We describe why we opted against “disabling” the graph at the end of this blog: https://marimo.io/blog/lessons-learned

data-ottawa•6mo ago
I've been using marimo since January pretty heavily, I absolutely love it and would recommend it to anyone.

I run it with uv and --sandboxed which makes it much easy to share notebooks with teammates and not have to worry about limiting dependencies. Any issues I've had were were Python libraries themselves (specifically graphviz).

I really like how much easier it is to reason about interactive components vs Jupyter. The mo.ui.altair_chart method has got me to migrate off of matplotlib because charts can be fully integrated – as you can see in the demo being able to lasso data points or scrub a chart and analyze specific time periods is awesome.

One thing which I don't like about reactive notebooks is that you have to be much more mindful of expensive and long running calculations. There are feature to help, like adding a run button, but often I end up just disabling auto-run which does reduce the value of the reactive flow. For those use cases I don't find myself using marimo over Jupyter.

I think the entire marimo team deserves a shoutout, the quality of the software is excellent, they've moved very quickly, and they have been very receptive to issues and feature suggestions.

akshayka•6mo ago
Thanks for the shoutout!

We're committed to having an excellent experience for working with expensive notebooks [1]. At least for my own personal work, I find that there are many reasons to use marimo even when autorun is disabled — you still get guarantees on state, rich dataframe views, reusable functions [2], the Python file format, and more. If you have feedback on how we might improve the experience, we'd love to hear it.

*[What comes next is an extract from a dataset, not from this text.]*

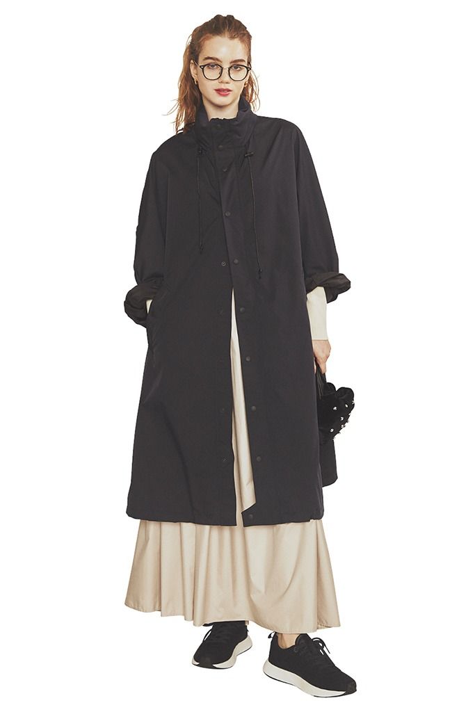 シンプルなコートスタイルにブーツでは表現しにくいアクティブなキレを加算

[1] https://docs.marimo.io/guides/expensive_notebooks/

[2] https://docs.marimo.io/guides/reusing_functions/

alyxya•6mo ago
I haven’t tried marimo, so I’m not sure how it currently works, but I think instead of disabling autorun for slow and expensive computations, it sounds like it would be nicer if there were heuristics or benchmarks to automatically determine what might be slow and then execute things in varying orders lazily.
philsnow•6mo ago
As an outsider to the whole notebook ecosystem, I am absolutely gobsmacked that the representation of the notebook makes it possible to have out-of-date intermediate results. Haven't they been around for like 10+ years?

This is one of those things that is blindingly obvious to people in adjacent sectors of the industry, but maybe there just hasn't been enough cross-pollination of ideas in that direction (or in either direction).

jcheng•5mo ago
For as long as there have been Jupyter notebooks, there have been people saying "Wait, what??" But there have been way more people using them, and finding them pretty effective despite their inherent lack of soundness.

I personally fall into both camps--both horrified at the execution model but also, it's not actually caused problems for me as it's second nature to restart the kernel when changing upstream cells.

That said, marimo feels like a significant step forward and I'm rooting for them to succeed.

createaccount99•6mo ago
Based on the title, I was expecting a flow editor GUI, actually.